Fairy Tales and the Real World

Filed under: daily — Lawrence Peterson @ 8:38 am


Yesterday, in order to fill our Covid-19 restricted day, we watched two movies: a 1938 movie called Pygmalion, and a 1960s musical called My Fair Lady. Both of these movies tell the story of Eliza Doolittle, a lower-class flower girl in London who is tutored by a language professor named Higgins and successfully becomes a member of high-class society by changing her manner of speaking. The part of these movies that struck me this time was how unrepentant and unchanging professor Henry Higgins is in his attitude of superiority and contempt. This morning, I have been reflecting on another old movie I saw some time ago called Maid to Order.
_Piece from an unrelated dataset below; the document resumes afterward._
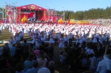 Выступление учащихся на праздничном мероприятии на Майдане посвящённом 74 -й годовщине Великой Победы 09.05.2019
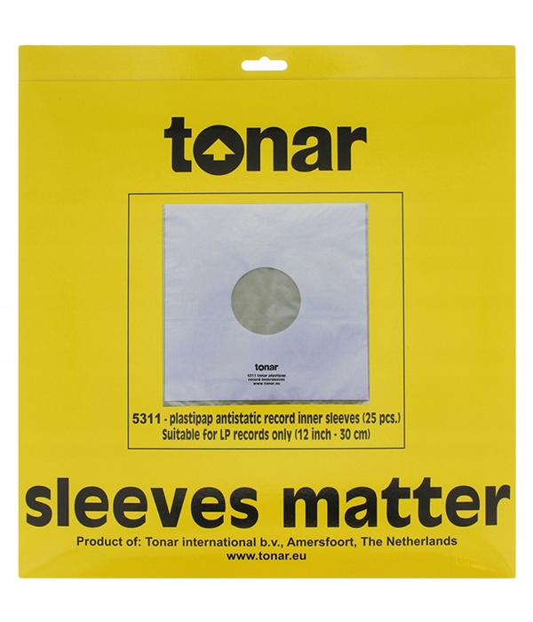 Внутрішні конверти Plastipap виготовлені з суперантистатичного паперу та додатково посилені внутрішньою антистатичною фольгою, завдяки чому конверти бренду Tonar не лише гарантують нам антистатичний, але й захист від пилу вінілових платівок.

This movie is a reverse Cinderella story where the Fairy Godmother changes the young heroin from a spoiled rich kid into a homeless orphan who has to take a job as a maid to survive. In Maid to Order, the young woman transforms from treating all around her with contempt, to realizing that the servant class of people are also good and valuable human beings. Fairy tales like Cinderella, The Prince and the Pauper and The Bear Coat all teach the real-world lesson that the ordinary people we meet and treat each day may turn our to be royalty in disguise: “Inasmuch as ye have done it unto one of the least of these my brethren, ye have done it unto me.” Matthew 25:40. The message these stories contain about the human potential for change is icing on the cake.